*PROVIDED RECORDS:*
::::::::::

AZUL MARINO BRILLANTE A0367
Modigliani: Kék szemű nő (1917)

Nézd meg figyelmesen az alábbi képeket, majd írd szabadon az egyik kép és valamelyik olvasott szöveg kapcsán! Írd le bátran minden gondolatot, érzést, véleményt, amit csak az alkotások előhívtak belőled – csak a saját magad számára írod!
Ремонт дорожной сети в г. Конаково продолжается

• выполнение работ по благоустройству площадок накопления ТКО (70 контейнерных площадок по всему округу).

::::::::::

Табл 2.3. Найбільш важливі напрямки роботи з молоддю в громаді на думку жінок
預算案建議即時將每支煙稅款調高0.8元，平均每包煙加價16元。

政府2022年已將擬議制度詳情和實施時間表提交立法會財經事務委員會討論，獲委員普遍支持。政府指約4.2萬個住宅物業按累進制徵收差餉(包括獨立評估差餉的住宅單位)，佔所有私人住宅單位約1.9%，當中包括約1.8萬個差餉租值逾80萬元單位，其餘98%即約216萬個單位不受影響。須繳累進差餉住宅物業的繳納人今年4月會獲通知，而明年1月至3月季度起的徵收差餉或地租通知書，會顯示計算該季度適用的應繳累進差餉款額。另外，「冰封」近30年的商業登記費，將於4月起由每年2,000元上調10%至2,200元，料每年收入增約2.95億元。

::::::::::

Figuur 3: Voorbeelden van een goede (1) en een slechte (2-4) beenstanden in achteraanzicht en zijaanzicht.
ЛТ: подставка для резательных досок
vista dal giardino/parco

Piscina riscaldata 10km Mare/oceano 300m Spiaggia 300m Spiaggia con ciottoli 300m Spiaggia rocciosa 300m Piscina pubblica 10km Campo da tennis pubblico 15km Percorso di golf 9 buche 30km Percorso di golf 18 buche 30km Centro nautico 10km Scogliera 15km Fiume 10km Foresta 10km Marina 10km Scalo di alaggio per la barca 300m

::::::::::

Copy the stretch of the records above that runs from the line with "Nézd meg figyelmesen" through the line with "по всему округу).". Both end lines belong in the copy, and nothing else does.

*EXPECTED OUTPUT:*
Nézd meg figyelmesen az alábbi képeket, majd írd szabadon az egyik kép és valamelyik olvasott szöveg kapcsán! Írd le bátran minden gondolatot, érzést, véleményt, amit csak az alkotások előhívtak belőled – csak a saját magad számára írod!
Ремонт дорожной сети в г. Конаково продолжается

• выполнение работ по благоустройству площадок накопления ТКО (70 контейнерных площадок по всему округу).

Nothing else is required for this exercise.